It can take years or even decades to properly understand a pathway. But when a certain threshold is passed, new therapeutic opportunities can be revealed at an exciting rate. The apolipoprotein E (apoE) pathway has passed that threshold, and VC-backed start ups to exploit this new understanding are springing up like mushrooms.
As early as the mid-1980s, human genetics identified the importance of the apoE protein: a common allelic variant (apoE4) was associated with increased risk of Alzheimer’s Disease, while another variant (apoE2) was associated with longevity. Even today, the sequence of the apoE gene remains the only really robust association with longevity in humans.
But there is another side to apoE. As the name indicates, it is a structural component of lipoproteins, and plays a key role in the clearance of triglyceride-rich particles associated with heart disease. In mice, deletion of the gene encoding apoE leads to a massive hypercholesterolemia and formation of severe vascular lipid lesions resembling human atherosclerosis. In humans, too, the allelic variants of apoE are associated with abnormal lipoprotein profiles.
How do you make sense of this complicated ‘split personality’ of apoE, with central roles in the seemingly unconnected worlds of neurodegeneration and lipid metabolism? New research is finally providing the answers, and demonstrates, at last, how to drug this target. The VC community has been quick to respond, supporting start-ups in this area – can they deliver first-in-class therapies in these blockbuster indications with vast unmet medical needs?
The key to understanding apoE comes, as so often in biology, from the study of very simple model organisms: in this case, small roundworms called nematodes. One species, Caenorhabditis Elegans has taught us as much about developmental biology as any organism on the planet.
DrugBaron envisages an impact on global health for the best apoE mimetics that matches or exceeds that of antibiotics and statins
During development, cells divide in a very specific pattern to form the structures of the worm’s simple body. Some of the progeny cells are retained, but others die through programmed cell death (apoptosis). The remnants of the dead cells are then taken up by their neighbours, partly to keep things clean and tidy, but also to recycle the building blocks they contain.
One particularly important building block in these worms is cholesterol, because unlike humans, C. Elegans is a cannot manufacture its own cholesterol – it needs to scavenge it from the environment. The availability of cheolsterol is often growth-limiting to the worms in nature.
Genetic analysis is very easy in the fast-breeding worms and midway through the last decade, a central gene involved in the resorption of apoptotic cell corpses was identified as CED1. The key insight came from the sequence of this gene: it is the worm version of a human gene called LRP1. LRP stands for LDL-Receptor Related Protein 1, and like the LDL-receptor it plays a key role in cholesterol metabolism in man.
This genetic analysis in two species, one a microscopic worm and the other human beings, shed a light on the earliest evolution of our complex lipoprotein system for managing levels of cholesterol and other fats. The corpses of dead cells were the first ‘lipoprotein particles’.

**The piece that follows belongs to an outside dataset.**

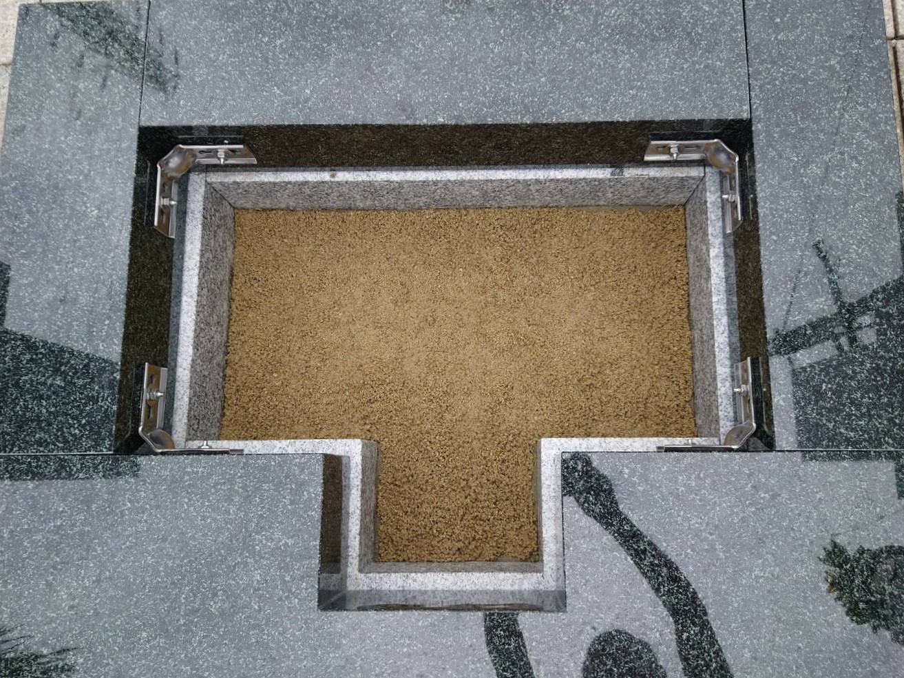『泉大津公園墓地(板原墓地)』にて黒御影石M1-H石の洋型石碑が完成。地震対策『泰震』施工で地震対策もバッチリ。立体彫刻で煌びやかに。
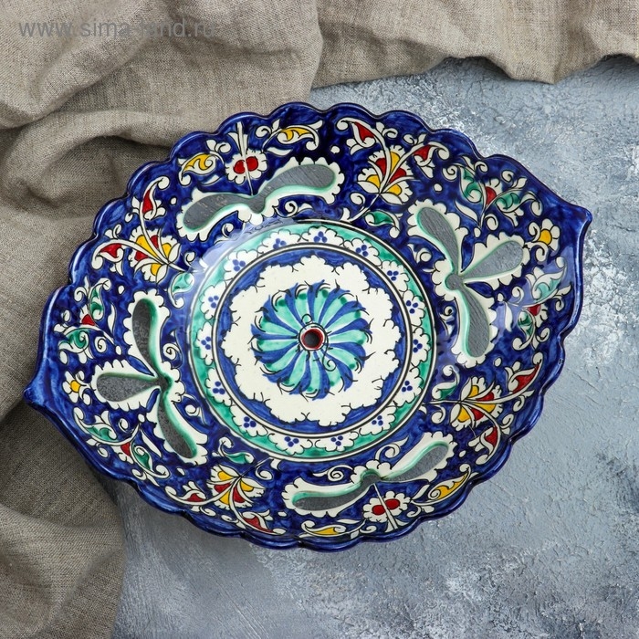 Фруктовница Риштанская Керамика "Цветы", 27 см, синее, рифлёное, овальное

As multicellular organisms developed, and became more complex this simple reuptake of apoptotic cell bodies has been refined, with enzymes deliberately adding and subtracting different fats from the particles and the liver assuming a central regulatory role. But the evolutionary origin of lipoproteins explain the dual-role of apoE – as a regulator of cell debris clearance and as a structural component of lipoproteins.

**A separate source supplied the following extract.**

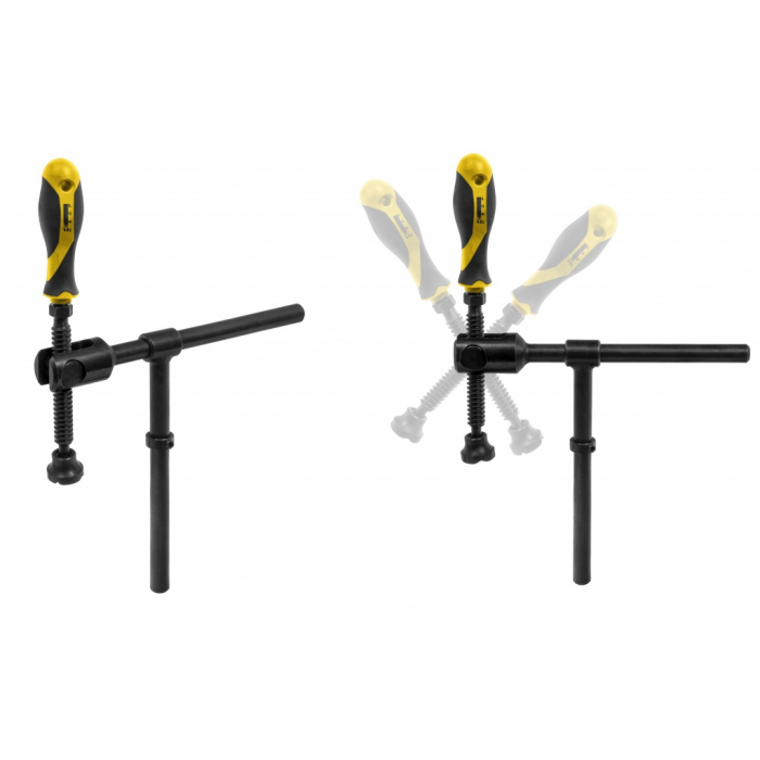 Струбцина универсальная КЕДР (для Д-16 EXPERT) предназначена для точной и надежной фиксации закрепляемых деталей, для фиксации в труднодоступных местах может использоваться только верхняя часть струбцины. Струбцина регулируется как по горизонтали, так и по вертикали. Рабочий винт имеет шарнирный узел крепления, что дает возможность менять угол фиксации до 45°, такая конструкция объединяет преимущества стандартных струбцин 90 град. и струбцин с углом 45 град. Рукоять струбцины имеет специальное прорезиненное и эргономичное покрытие. За счет применения воронения деталей струбцины гарантируется длительный срок службы.

ApoE retains the accolade of being the only gene in the human genome that is robustly associated with longevity
While the role in lipid metabolism was the most obvious function of apoE (apoE-deficient mice, for example, have massive hyperlipidemia and develop vascular lipid lesions resembling atherosclerosis), it may be the ancestral role in cell debris clearance that is the most important. The strongest genetic associations are with neurodegeneration, and in particular with Alzheimer’s Disease. Carriers of a particular allele of apoE, the apoE4 variant, are more than twice as likely to develop Alzheimer’s Disease before the age of 75 than wild-type individual, while those with another variant, apoE2, are further protected against neurodegeneration.
Since Alzheimer’s Disease is characterized by the development of extracellular amyloid plaques, which frequently seed around Lewy Bodies (themselves persistent apoptotic cell corpses), its is much more likely that the disease results from impaired cell debris clearance over a lifetime than from perturbations in lipoprotein metabolism.
Our own phenome-wide association study (designed to ask, in a non-hypothesis driven manner, which phenotypes are most strongly linked to variation in a particular gene) suggest that this neurodegeneration might have subtler effects earlier in life, decades before the cognitive decline associated with Alzheimer’s Disease first becomes evident. Major depression, one of the most prevalent diseases of middle-age, is powerfully associated with the presence of the apoE4 variant, suggesting that at least in a proportion of cases there is a neuroanatomical structural basis for depression that could in principle be treated with agents that stimulate cell debris clearance.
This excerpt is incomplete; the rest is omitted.